• WHAT NEEDS TO BE DONE:
Would you count how many lines of the entries below include the word "with"? Give nothing but the number.

• EXTRACTED MATERIAL:
------------------------------------------------------------
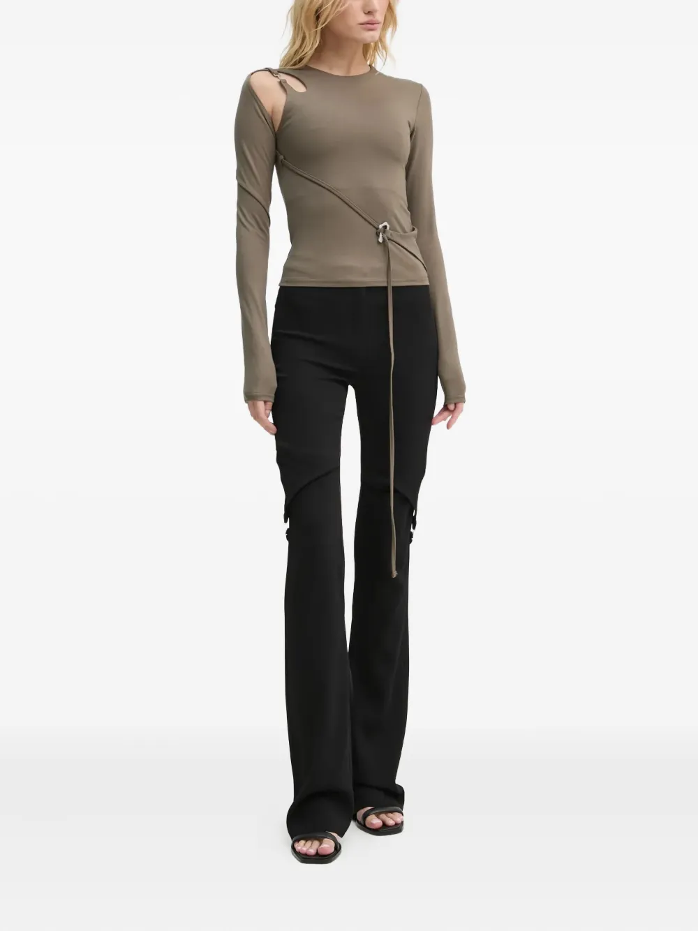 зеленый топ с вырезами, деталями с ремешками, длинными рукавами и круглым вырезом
------------------------------------------------------------
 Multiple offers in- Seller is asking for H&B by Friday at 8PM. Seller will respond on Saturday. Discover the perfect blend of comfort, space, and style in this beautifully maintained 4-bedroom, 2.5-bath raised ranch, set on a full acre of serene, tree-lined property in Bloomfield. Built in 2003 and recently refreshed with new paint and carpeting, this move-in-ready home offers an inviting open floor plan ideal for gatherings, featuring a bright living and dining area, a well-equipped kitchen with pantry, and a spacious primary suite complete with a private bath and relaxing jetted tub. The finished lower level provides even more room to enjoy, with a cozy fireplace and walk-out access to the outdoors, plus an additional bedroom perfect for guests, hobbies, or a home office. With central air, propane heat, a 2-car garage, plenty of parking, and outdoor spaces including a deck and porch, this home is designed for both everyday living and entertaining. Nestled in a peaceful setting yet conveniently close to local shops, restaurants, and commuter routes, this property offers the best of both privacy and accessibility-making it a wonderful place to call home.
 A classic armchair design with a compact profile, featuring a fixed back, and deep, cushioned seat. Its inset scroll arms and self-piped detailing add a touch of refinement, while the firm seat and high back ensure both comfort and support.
------------------------------------------------------------
• RESPONSE TO THIS EXERCISE:
2